- _WORK TO COMPLETE_
Without including pictures, set down every record exactly as it stands.
# # # # # # #
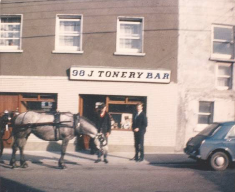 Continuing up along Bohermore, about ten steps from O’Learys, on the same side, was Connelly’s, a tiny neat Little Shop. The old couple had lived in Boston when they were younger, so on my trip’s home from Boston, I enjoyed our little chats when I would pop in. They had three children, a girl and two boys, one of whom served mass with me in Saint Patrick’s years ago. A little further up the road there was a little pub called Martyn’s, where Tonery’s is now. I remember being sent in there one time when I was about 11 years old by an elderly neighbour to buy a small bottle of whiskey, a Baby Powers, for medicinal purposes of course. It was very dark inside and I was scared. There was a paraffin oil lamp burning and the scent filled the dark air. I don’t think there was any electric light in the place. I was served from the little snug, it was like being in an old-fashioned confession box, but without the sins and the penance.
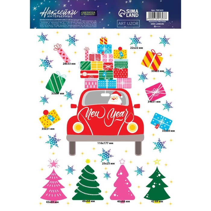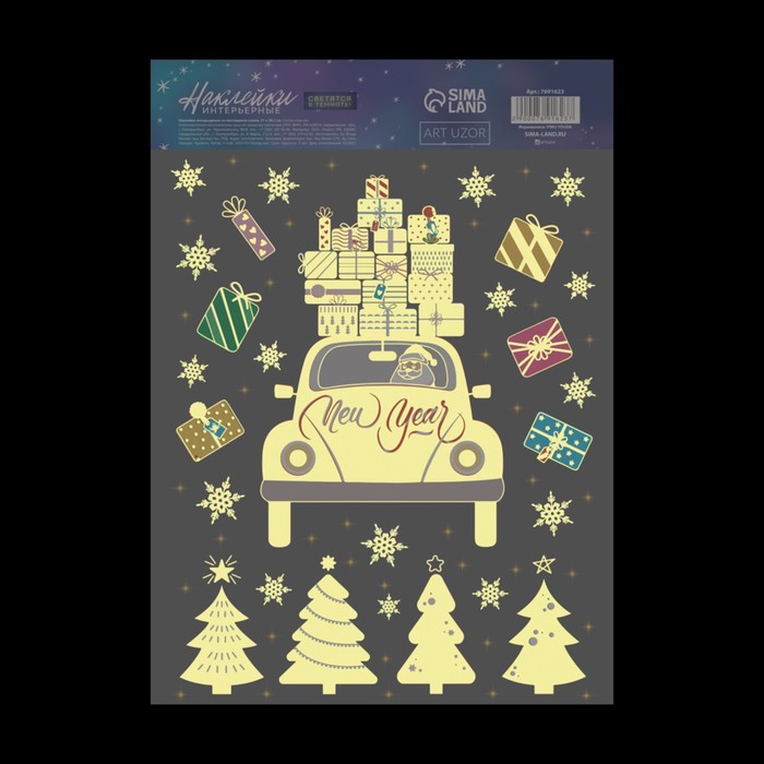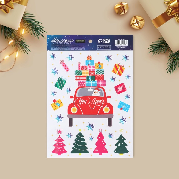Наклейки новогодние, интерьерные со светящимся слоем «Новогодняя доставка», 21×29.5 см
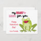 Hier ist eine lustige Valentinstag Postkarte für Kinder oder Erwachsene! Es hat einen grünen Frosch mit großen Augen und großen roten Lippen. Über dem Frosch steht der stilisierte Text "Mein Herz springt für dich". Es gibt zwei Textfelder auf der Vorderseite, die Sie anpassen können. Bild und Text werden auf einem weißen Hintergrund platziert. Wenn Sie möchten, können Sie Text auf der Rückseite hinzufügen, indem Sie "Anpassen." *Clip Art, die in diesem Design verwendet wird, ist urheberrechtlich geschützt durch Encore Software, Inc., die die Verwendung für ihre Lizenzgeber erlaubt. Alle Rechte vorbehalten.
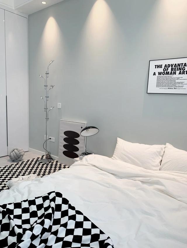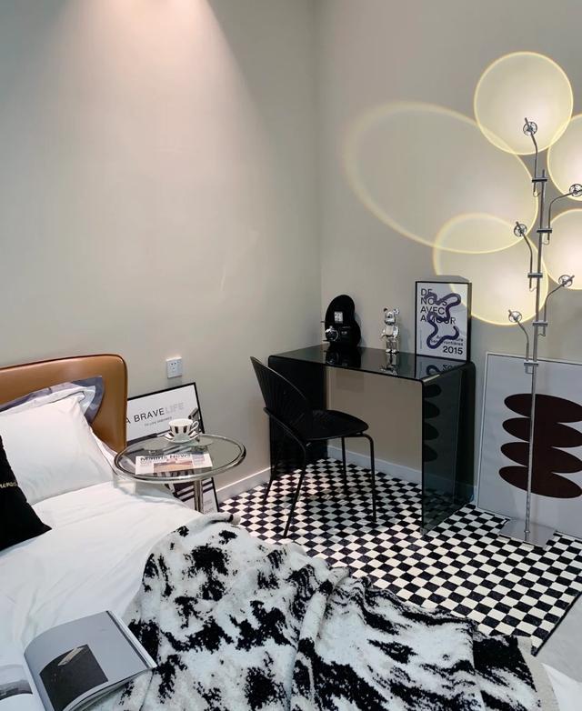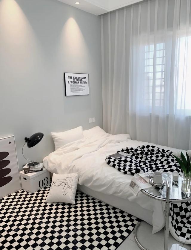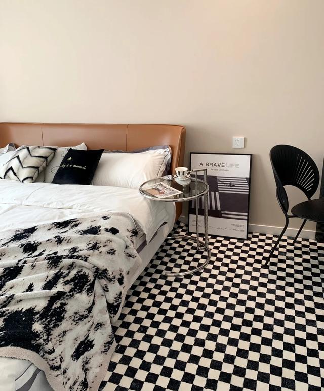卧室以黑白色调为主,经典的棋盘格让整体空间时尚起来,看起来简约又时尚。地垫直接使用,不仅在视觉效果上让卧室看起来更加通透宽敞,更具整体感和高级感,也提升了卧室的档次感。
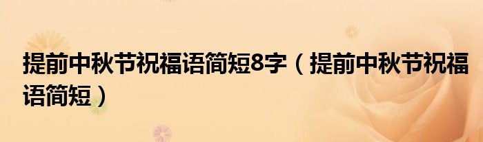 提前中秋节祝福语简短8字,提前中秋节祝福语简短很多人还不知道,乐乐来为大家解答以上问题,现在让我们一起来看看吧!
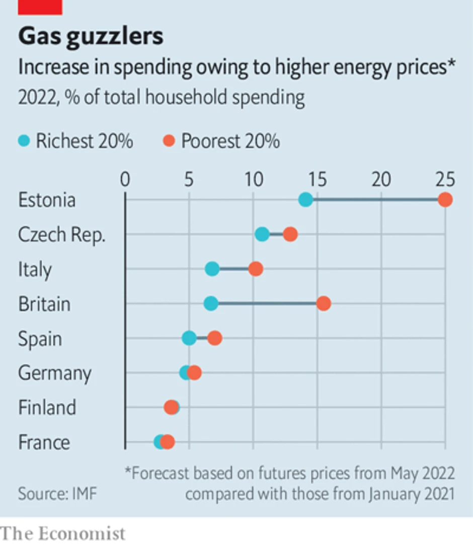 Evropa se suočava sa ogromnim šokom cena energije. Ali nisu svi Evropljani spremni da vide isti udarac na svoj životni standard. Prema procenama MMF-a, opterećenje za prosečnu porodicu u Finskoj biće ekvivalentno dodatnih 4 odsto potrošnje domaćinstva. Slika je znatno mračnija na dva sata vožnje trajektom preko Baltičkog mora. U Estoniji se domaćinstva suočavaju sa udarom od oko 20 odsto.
# # # # # # #
- _OUTPUT FOR THIS TASK_
 Continuing up along Bohermore, about ten steps from O’Learys, on the same side, was Connelly’s, a tiny neat Little Shop. The old couple had lived in Boston when they were younger, so on my trip’s home from Boston, I enjoyed our little chats when I would pop in. They had three children, a girl and two boys, one of whom served mass with me in Saint Patrick’s years ago. A little further up the road there was a little pub called Martyn’s, where Tonery’s is now. I remember being sent in there one time when I was about 11 years old by an elderly neighbour to buy a small bottle of whiskey, a Baby Powers, for medicinal purposes of course. It was very dark inside and I was scared. There was a paraffin oil lamp burning and the scent filled the dark air. I don’t think there was any electric light in the place. I was served from the little snug, it was like being in an old-fashioned confession box, but without the sins and the penance.
Наклейки новогодние, интерьерные со светящимся слоем «Новогодняя доставка», 21×29.5 см
 Hier ist eine lustige Valentinstag Postkarte für Kinder oder Erwachsene! Es hat einen grünen Frosch mit großen Augen und großen roten Lippen. Über dem Frosch steht der stilisierte Text "Mein Herz springt für dich". Es gibt zwei Textfelder auf der Vorderseite, die Sie anpassen können. Bild und Text werden auf einem weißen Hintergrund platziert. Wenn Sie möchten, können Sie Text auf der Rückseite hinzufügen, indem Sie "Anpassen." *Clip Art, die in diesem Design verwendet wird, ist urheberrechtlich geschützt durch Encore Software, Inc., die die Verwendung für ihre Lizenzgeber erlaubt. Alle Rechte vorbehalten.
卧室以黑白色调为主,经典的棋盘格让整体空间时尚起来,看起来简约又时尚。地垫直接使用,不仅在视觉效果上让卧室看起来更加通透宽敞,更具整体感和高级感,也提升了卧室的档次感。
 提前中秋节祝福语简短8字,提前中秋节祝福语简短很多人还不知道,乐乐来为大家解答以上问题,现在让我们一起来看看吧!
 Evropa se suočava sa ogromnim šokom cena energije. Ali nisu svi Evropljani spremni da vide isti udarac na svoj životni standard. Prema procenama MMF-a, opterećenje za prosečnu porodicu u Finskoj biće ekvivalentno dodatnih 4 odsto potrošnje domaćinstva. Slika je znatno mračnija na dva sata vožnje trajektom preko Baltičkog mora. U Estoniji se domaćinstva suočavaju sa udarom od oko 20 odsto.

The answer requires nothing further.